Two months later, in January 1983, the Journal of the American Medical Association denounced
 boxing as “an obscenity” and said it should be outlawed. “Boxing, as a throwback to uncivilized man, should not be sanctioned by any civilized society,” wrote the journal’s editor, Dr. George Lundberg. Also in the early ’80s, the American Academy of Pediatrics urged that boxing be eliminated from sports programs for children and young adults, and the World Medical Association, based in France, recommended banning the sport everywhere.
At the United States Military Academy, boxing has been an academic requirement and a rite of passage for more than a century. Yet there, too, some have begun to ask if character-building might be promoted through methods other than cadets’ punching one another repeatedly in the head — with some suffering concussions.
 
Not that the abolitionists have prevailed in this country or almost any other. In fact, some of the few nations that had at one point imposed bans — like Sweden, Cuba and Norway — reversed themselves in the last few years. Defenders of the sport insist that, yes, it is a sweet science, a test of skill, stamina and strategy and not merely a slugfest. A sport akin to boxing, mixed martial arts, has grown in popularity, banned in this country only in New York State.
Even so, the vaunted prizefighting of old is on the ropes. News media attention tends to be scant. Major bouts, such as they are, are consigned to pay-per-view showings. Once in a while, a fighter comes along to stir excitement, a Floyd Mayweather Jr. or a Manny Pacquiao, but that’s the exception. The professional ranks today are mired in a bewildering array of weight divisions — 17, where once there were eight — and in an alphabet soup of multiple sanctioning organizations.
 
Among the questions is whether football players — well padded and practically faceless under their helmets and visors — are inclined to whack one another hard precisely because they are encased in so much protective gear. Some even have helmets and shoulder pads made with Kevlar, the superstrong fiber used in bullet-resistant vests. In a related rough-and-tumble sport, rugby, players wear no comparable armor. They also do not butt heads as American footballers do. Not surprisingly, degenerative brain disease is not an overriding worry in rugby (though spinal injuries from scrums are). In women’s lacrosse, too, players wear no helmets, except for goaltenders; a consensus has formed that head protection would only encourage rougher play.
 
The dangers inherent to football are so severe that some professional players say they do not want their own sons to follow in their steps. President Obama has similarly said that if he had a son, he would not let him play pro ball.
 
At the high school level, player deaths have led some parents and schools to rethink their children’s involvement in the sport. Several schools shut down their programs, if only because they could not round up enough players to take the field. Amid growing awareness of the risks, the number of high school boys playing football has declined by 2.4 percent over the last five years, to 1.08 million, according to a survey by the National Federation of State High School Associations.

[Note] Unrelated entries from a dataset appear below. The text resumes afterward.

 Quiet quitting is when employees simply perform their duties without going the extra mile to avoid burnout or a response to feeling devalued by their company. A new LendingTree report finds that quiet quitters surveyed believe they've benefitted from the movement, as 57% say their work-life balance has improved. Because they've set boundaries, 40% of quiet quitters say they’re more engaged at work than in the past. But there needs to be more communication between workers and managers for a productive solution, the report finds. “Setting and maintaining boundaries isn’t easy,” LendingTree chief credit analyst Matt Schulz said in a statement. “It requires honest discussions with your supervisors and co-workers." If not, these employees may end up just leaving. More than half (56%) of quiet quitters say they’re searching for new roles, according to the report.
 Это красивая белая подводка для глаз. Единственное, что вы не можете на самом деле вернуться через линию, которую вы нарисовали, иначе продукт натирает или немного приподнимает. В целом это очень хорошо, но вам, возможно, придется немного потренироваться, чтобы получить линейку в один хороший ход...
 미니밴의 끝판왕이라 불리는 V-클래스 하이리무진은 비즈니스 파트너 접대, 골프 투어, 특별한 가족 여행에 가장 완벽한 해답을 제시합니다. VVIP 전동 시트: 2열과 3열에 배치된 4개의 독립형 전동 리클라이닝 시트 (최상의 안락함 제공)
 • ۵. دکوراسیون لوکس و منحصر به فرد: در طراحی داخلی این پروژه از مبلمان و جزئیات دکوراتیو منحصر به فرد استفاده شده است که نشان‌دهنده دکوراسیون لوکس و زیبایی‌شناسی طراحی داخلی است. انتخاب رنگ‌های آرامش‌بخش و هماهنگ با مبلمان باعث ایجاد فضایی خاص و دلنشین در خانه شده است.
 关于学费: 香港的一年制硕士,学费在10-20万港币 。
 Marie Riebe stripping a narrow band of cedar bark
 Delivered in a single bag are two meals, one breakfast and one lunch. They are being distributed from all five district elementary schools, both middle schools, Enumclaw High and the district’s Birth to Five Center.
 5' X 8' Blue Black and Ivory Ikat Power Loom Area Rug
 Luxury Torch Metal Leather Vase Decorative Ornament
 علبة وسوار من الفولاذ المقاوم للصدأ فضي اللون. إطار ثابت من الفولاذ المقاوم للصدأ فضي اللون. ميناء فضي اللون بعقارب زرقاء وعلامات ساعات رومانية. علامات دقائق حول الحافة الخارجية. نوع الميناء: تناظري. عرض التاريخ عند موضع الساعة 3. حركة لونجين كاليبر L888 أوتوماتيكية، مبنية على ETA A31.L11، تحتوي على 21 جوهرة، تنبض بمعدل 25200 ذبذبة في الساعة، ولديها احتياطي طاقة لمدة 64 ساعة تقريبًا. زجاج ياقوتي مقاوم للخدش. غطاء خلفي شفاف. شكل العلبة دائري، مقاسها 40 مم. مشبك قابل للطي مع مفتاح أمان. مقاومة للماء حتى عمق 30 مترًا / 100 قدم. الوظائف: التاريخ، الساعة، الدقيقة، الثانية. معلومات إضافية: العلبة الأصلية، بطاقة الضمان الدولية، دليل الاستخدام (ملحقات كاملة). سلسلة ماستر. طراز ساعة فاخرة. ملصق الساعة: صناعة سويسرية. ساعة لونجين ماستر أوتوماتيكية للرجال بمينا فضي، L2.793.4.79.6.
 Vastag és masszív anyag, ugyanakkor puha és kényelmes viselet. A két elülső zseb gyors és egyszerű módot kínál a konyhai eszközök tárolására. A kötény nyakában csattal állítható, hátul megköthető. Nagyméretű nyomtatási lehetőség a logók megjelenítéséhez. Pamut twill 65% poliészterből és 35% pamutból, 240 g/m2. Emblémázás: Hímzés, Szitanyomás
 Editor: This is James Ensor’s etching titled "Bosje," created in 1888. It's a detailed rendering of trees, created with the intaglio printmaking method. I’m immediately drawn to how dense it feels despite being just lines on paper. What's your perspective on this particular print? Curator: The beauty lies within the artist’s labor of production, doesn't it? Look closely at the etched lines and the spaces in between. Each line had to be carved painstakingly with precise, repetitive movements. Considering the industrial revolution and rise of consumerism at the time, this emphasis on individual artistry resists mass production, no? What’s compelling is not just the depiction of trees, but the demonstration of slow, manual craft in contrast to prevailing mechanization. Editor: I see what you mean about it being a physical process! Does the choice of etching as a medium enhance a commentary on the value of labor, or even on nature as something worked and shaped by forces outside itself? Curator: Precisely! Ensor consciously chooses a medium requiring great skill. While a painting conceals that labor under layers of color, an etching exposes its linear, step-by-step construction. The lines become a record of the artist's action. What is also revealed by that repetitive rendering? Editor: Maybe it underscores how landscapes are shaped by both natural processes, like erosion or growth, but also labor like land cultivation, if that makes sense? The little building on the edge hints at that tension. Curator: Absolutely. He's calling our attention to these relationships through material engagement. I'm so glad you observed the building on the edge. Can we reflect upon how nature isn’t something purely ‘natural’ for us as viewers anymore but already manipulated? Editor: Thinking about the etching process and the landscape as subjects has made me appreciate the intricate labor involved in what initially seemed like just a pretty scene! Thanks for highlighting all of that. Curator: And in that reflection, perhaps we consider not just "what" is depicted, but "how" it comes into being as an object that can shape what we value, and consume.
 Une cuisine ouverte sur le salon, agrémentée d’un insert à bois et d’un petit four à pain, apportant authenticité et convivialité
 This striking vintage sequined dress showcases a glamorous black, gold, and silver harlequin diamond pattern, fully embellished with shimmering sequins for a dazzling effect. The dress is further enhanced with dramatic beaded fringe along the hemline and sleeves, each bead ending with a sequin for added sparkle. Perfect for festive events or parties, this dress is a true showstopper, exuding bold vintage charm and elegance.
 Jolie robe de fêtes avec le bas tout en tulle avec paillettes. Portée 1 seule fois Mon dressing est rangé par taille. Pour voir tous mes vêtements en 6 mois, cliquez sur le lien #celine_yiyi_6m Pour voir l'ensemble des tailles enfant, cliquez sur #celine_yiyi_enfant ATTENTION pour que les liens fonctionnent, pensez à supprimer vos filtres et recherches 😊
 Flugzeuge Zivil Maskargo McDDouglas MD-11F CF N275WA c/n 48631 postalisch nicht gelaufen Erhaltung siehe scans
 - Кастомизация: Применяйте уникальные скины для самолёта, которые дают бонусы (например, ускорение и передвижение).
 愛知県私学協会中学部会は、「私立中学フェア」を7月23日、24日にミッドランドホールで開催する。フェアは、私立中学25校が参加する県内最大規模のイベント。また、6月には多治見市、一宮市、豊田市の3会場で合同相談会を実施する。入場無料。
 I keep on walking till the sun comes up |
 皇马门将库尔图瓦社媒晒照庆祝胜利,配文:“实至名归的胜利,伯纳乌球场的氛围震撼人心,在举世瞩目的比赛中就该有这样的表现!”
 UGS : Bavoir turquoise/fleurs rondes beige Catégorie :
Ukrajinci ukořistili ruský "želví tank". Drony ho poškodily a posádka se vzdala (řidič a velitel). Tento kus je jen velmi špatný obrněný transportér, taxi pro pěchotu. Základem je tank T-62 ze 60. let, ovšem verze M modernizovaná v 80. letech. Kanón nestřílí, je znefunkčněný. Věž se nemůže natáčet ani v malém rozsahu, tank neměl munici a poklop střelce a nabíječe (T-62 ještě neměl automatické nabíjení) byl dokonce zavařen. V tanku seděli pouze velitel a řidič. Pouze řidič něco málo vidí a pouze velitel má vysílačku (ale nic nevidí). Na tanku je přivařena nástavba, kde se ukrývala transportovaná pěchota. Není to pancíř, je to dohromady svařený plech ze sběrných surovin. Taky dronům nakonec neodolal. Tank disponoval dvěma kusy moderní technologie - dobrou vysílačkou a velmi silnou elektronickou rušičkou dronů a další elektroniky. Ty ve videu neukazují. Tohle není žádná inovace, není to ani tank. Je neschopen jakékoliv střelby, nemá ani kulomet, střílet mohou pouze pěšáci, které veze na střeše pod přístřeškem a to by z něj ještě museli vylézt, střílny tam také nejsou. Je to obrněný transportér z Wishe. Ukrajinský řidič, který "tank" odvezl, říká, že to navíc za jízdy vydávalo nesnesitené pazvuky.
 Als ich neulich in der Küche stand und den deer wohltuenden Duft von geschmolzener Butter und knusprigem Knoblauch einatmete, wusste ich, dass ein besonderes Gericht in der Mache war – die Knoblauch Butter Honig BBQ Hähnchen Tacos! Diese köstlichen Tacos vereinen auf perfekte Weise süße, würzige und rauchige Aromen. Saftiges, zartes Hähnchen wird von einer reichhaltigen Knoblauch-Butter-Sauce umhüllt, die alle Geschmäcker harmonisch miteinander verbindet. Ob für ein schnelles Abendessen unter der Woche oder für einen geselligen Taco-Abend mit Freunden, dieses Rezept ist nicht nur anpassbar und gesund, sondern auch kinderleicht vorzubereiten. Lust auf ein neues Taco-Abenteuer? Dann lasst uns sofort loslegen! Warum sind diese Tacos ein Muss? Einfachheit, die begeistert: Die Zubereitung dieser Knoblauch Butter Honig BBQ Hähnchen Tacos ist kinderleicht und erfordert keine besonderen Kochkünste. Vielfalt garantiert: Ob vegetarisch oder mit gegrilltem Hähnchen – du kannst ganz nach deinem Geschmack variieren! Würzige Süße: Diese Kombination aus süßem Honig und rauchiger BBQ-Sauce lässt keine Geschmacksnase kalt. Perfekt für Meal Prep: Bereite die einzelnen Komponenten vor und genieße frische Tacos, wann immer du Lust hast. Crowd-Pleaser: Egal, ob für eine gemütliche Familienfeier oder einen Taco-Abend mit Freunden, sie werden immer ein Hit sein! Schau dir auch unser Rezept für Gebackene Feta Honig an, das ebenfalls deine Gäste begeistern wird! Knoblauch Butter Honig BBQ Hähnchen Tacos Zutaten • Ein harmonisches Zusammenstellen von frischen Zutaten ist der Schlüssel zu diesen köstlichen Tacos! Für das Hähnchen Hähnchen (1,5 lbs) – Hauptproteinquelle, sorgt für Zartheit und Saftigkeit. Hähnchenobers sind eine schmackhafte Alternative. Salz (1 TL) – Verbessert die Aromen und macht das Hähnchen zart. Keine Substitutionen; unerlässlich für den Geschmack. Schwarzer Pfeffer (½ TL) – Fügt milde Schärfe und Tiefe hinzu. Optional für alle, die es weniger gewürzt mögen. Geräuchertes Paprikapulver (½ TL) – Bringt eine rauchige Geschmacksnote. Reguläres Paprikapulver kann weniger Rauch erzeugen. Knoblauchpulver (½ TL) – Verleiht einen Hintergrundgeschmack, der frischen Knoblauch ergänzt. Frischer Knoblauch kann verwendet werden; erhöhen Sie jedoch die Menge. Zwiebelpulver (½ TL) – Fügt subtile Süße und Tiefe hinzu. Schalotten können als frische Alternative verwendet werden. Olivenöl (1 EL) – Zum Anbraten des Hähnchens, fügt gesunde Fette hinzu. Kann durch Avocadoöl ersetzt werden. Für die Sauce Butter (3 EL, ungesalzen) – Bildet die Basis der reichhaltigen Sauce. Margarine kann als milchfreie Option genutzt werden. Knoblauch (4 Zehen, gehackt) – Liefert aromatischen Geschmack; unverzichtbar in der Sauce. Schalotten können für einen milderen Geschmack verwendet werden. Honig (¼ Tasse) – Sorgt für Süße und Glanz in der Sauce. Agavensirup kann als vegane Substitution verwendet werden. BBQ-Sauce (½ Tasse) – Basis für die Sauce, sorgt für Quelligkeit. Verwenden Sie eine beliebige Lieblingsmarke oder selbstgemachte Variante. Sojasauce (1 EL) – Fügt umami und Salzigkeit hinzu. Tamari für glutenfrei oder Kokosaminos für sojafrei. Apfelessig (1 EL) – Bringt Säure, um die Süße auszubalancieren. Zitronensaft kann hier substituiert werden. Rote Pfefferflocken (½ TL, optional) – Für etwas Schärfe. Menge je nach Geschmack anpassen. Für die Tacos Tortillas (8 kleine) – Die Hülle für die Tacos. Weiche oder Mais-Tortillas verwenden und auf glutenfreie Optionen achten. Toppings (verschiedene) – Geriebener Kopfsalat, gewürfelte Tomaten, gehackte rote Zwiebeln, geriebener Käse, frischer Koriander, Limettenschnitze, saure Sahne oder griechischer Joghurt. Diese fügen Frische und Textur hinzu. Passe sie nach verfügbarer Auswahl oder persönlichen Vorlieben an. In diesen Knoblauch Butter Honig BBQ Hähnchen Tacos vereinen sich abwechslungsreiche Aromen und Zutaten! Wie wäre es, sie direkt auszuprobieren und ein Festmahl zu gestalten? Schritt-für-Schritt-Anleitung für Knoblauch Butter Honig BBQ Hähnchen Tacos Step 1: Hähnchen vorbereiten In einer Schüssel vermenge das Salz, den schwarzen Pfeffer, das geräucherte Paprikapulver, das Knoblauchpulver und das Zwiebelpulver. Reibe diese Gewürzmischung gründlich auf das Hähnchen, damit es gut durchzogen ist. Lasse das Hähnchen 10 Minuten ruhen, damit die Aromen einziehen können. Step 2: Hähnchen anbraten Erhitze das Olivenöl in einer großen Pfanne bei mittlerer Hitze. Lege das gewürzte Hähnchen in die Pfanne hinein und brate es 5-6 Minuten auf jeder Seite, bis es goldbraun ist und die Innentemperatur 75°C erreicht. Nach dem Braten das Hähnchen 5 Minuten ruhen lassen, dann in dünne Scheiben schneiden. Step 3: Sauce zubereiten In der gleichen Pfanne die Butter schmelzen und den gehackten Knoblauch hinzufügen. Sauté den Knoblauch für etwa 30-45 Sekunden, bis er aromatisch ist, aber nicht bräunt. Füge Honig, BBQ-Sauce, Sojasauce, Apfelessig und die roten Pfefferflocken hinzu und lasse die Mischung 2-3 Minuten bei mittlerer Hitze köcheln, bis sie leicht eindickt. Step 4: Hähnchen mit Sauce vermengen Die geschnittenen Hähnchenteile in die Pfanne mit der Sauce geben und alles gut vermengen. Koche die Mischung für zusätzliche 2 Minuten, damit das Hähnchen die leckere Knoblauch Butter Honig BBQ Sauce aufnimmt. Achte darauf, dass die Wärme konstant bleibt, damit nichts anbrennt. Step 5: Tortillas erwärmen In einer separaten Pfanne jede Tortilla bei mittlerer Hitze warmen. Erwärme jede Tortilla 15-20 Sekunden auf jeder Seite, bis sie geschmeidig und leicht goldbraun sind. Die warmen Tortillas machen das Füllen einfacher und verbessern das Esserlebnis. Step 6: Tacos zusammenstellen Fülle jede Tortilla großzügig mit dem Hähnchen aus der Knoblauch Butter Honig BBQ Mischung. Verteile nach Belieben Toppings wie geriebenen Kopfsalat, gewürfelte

In theory anyway, a major interruption of the flow of players from high school to college and then on to the pros could disrupt the game. Comparable breaks in the talent pipeline certainly took their toll on boxing. Granted, football’s collapse is on no one’s radar. Still, boxing learned the hard way that it was not invulnerable, just as Ad Francis had to absorb that lesson.
 
He is the battler in the Hemingway work, a man with a misshapen face and brains scrambled from too many blows. He had been tough in the ring, a champ. “They all bust their hands on me,” he tells the story’s protagonist, Nick Adams. “They couldn’t hurt me.”
 
Until they did. Hurt him bad.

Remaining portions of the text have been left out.